A combination of two thin convex lenses of equal focal lengths is kept...
Given:
- Two thin convex lenses
- Equal focal lengths
- Separated by a distance of 20 cm
- Behaves as a lens system of infinite focal length
To determine the distance x at which the image is formed from the second lens, we need to analyze the lens system and apply the lens formula.
1. Lens formula for a single lens:
The lens formula relates the object distance (u), image distance (v), and focal length (f) of a lens.
1/f = 1/v - 1/u
2. Focal length of the lens system:
Since the combination of lenses behaves as a lens system with an infinite focal length, 1/f = 0.
Thus, the focal length of the lens system is infinite.
3. Object distance from the first lens:
The object is kept at a distance of 10 cm from the first lens (u = -10 cm).
(Note: The negative sign indicates that the object is on the same side as the incident light.)
4. Image distance from the second lens:
Let's assume the image distance from the second lens is v2.
5. Image distance from the first lens:
Using the lens formula for the first lens, we can find the image distance from the first lens (v1).
1/f1 = 1/v1 - 1/u
Since the lens system behaves as a lens of infinite focal length, the first lens acts as if it has a focal length of infinity.
Therefore, 1/f1 = 0.
Thus, v1 = -u = -(-10) = 10 cm.
6. Image distance from the second lens:
Since the lenses are separated by a distance of 20 cm, the image formed by the first lens is located 20 cm away from the second lens.

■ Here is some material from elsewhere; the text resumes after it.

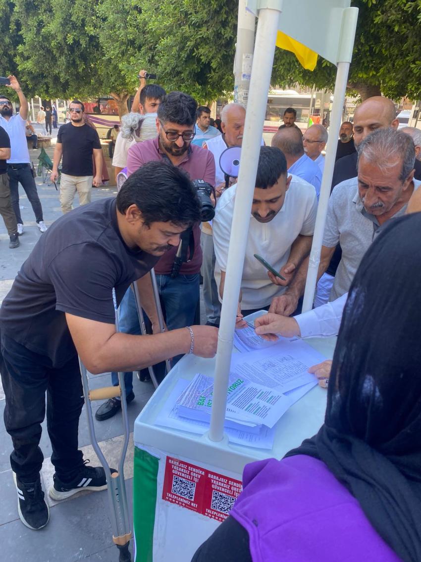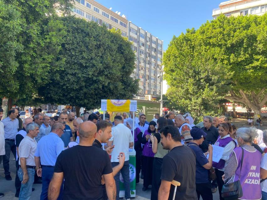 İnönü Parkı’nda başlatılan imza kampanyasının birinci ayağına çok sayıda partili ve vatandaşlar katıldı. İmza kampanyası standı büyük ilgi gördü. Halayların çekildiği şölen niteliğindeki imza kampanyasında binlerce kişi “Barış için bir imza da benden” diyerek Kardeşlik Sözleşmesi’ne imza attı. İmza kampanyasında konuşma yapan DEM Adana İl Eş Başkanı Seyfettin Aydemir, şunları söyledi:

Hence, the object distance for the second lens (u2) is 20 cm.
Using the lens formula for the second lens:
1/f2 = 1/v2 - 1/u2
Since the lens system behaves as a lens of infinite focal length, the second lens also acts as if it has a focal length of infinity.
Therefore, 1/f2 = 0.
Thus, v2 = -u2 = -(20) = -20 cm.
7. Value of x:
The distance x is the distance of the image formed by the second lens from the second lens itself.
Since the image distance (v2) from the second lens is -20 cm, the value of x is also 20 cm.
Hence, the correct answer is option 'A' - 10 cm.